By difference of cubes, a^3 - b^3 = (a - b)(a^2 + ab + b^2)

Substituting and manipulating, we have a^3 - b^3 = 4[(a - b)^2 + 3ab]

Substituting again, we have a^3 - b^3 = 4(16 + 3ab) = 64 + 12ab = 52

Subtracting and dividing by 12, we have 12ab = 52 - 64 = -12, ab = -1.

Hence, **ab = -1**

proyaop Jan 28, 2023

#2**0 **

(b)

a^3 - b^3 = (a - b)(a^2 + ab + b^2)

Earlier, we manipulated a^2 + ab + b^2 into (a - b)^2 + 3ab, however you can also manipulate it to (a + b)^2 - ab (do the expansion and see that it works!)

So... a^3 - b^3 = (a - b)[(a + b)^2 - ab] = 52

However, from (a), we learned that a - b = 4, and that ab = -1, substituting in, we have a^3 - b^3 = 4[(a + b)^2 + 1] = 52.

Dividing by 4, we have (a + b)^2 + 1 = 13, a + b = positive/negative square root of (12), which sqrt(12) = 2sqrt(3), so positive negative 2sqrt(3).

Hence, \(a + b = \pm2\sqrt{3}\)

proyaop Jan 28, 2023

#3**-1 **

(c)

Now that we know a + b = p/n 2sqrt(3), and that a - b = 4, we can use system of equations to get the individual values of each variable.

__Case 1:__ a + b = 2sqrt(3)

a + b = 2sqrt(3)

a - b = 4

Adding both equations, 2a = 4 + 2sqrt(3), a = 2 + sqrt(3).

Plugging in 2 + sqrt(3) for the top equation, 2 + sqrt(3) - 2sqrt(3) = -b, so b = sqrt(3) - 2.

__So for case 1__, \(a = 2 + \sqrt{3}\), and \(b = -2 + \sqrt{3}\)
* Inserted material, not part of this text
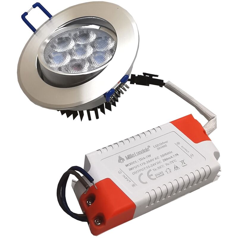 Faretto LED a Basso consumo energetico Si collega direttamente alla rete da 220V Non necessita di alimentatore Prodotto già completo di LED DRIVER Sistema con alette a molla per fissaggio senza viti Indicato per controsoffittature e soppalchi Parte centrale contenentei LED inclinabile e direzionale. . Caratteristiche Watt:7 Lumen: 700 Tensione: ac176-260v Frequenza:50 Hz Assorbimento: 280mA Durata:25.000 h Dimensioni Diametro totale: 85 mm Diametro foro: 75 mm Spessore: 5 cm pezzi collo: 60. .
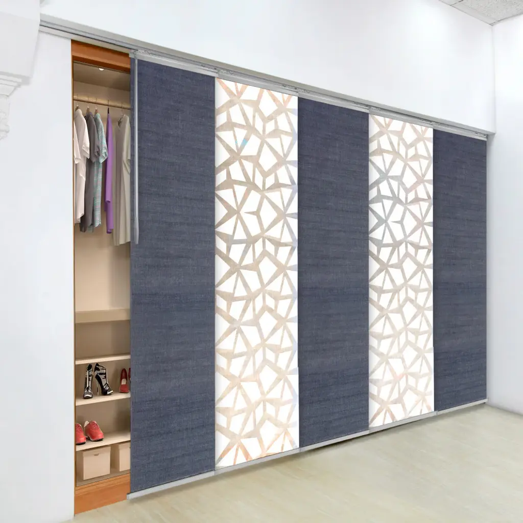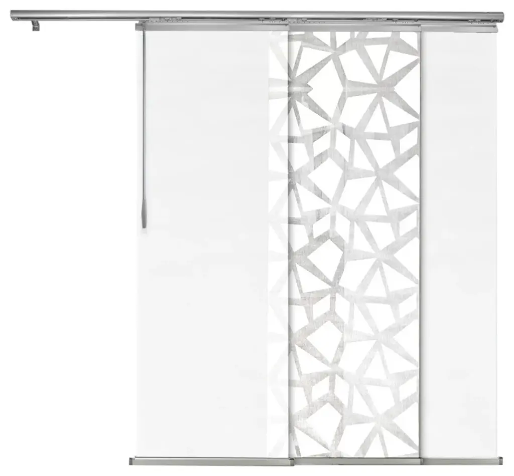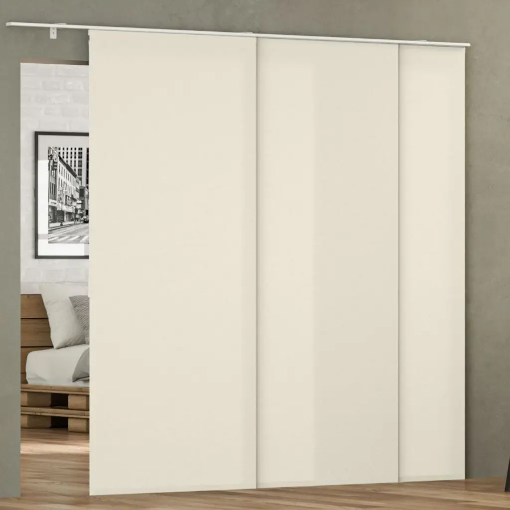 Central Design is pleased to announce the newly designed Panel Track, easily used as 2-way Vertical Blinds or Room Divider. Distinguished winner of the "2020 Good Design Award and 2021 MUSE Design Awards". - 3-Panel Baton Draw Track with the total width adjustable from 36-66". Individual Panel Size: 91.5" Height x 23.5" Wide. Overall Height including rail track is 94". The height of the Panel is adjustable by simply trimming the Panel and re-attaching the Liner and Panel Weight (Instructions provided). -Wall or Ceiling mountable for versatility in its set up. Clearance (wall to the the back of Panel Track): extendable from 1.25"-3.25". Projection (wall to the furthest point): extendable from 3"-4.25". -Single Rail Patented design; 1.25" thick for a very slick, thin, and compact design. No more bulky rail set ups. Made of steel for a durable and smooth operation of the Panels. Different from your standard panel track in that the sliders are designed in a more compact, overlapping fashion to reduce light bleed coming from in between the Panels. -Track Material: steel. Panel Material: Polyester. More Panel Track sizes available & sold separately; 3-panel, 4-panel, 5-panel, 6-panel

__Case 2:__ a + b = -2sqrt(3)

a + b = -2sqrt(3)

a - b = 4

Adding both equations, 2a = 4 - 2sqrt(3), a = 2 - sqrt(3)

Plugging in 2 - sqrt(3) for the top equation, 2 - sqrt(3) + 2sqrt(3) = -b, so b = -2 - sqrt(3).

__So for case 2__, \(a = 2 - \sqrt{3}\), and \(b = -2 - \sqrt{3}\)

Hence, we have:

a = 2 + sqrt(3) => b = -2 + sqrt(3)

or

a = 2 - sqrt(3) => b = -2 - sqrt(3)

proyaop Jan 28, 2023

#5**0 **

Because each variable has a positive or negative value, we have to account for both possible values, creating two "cases", or options, and we test each one to get a different solution/ordered pair. If you don't understand, you should try searching "casework" problems, but this problem is just getting used to algebraic expansion. Remember difference of cubes!!!

proyaop
Jan 31, 2023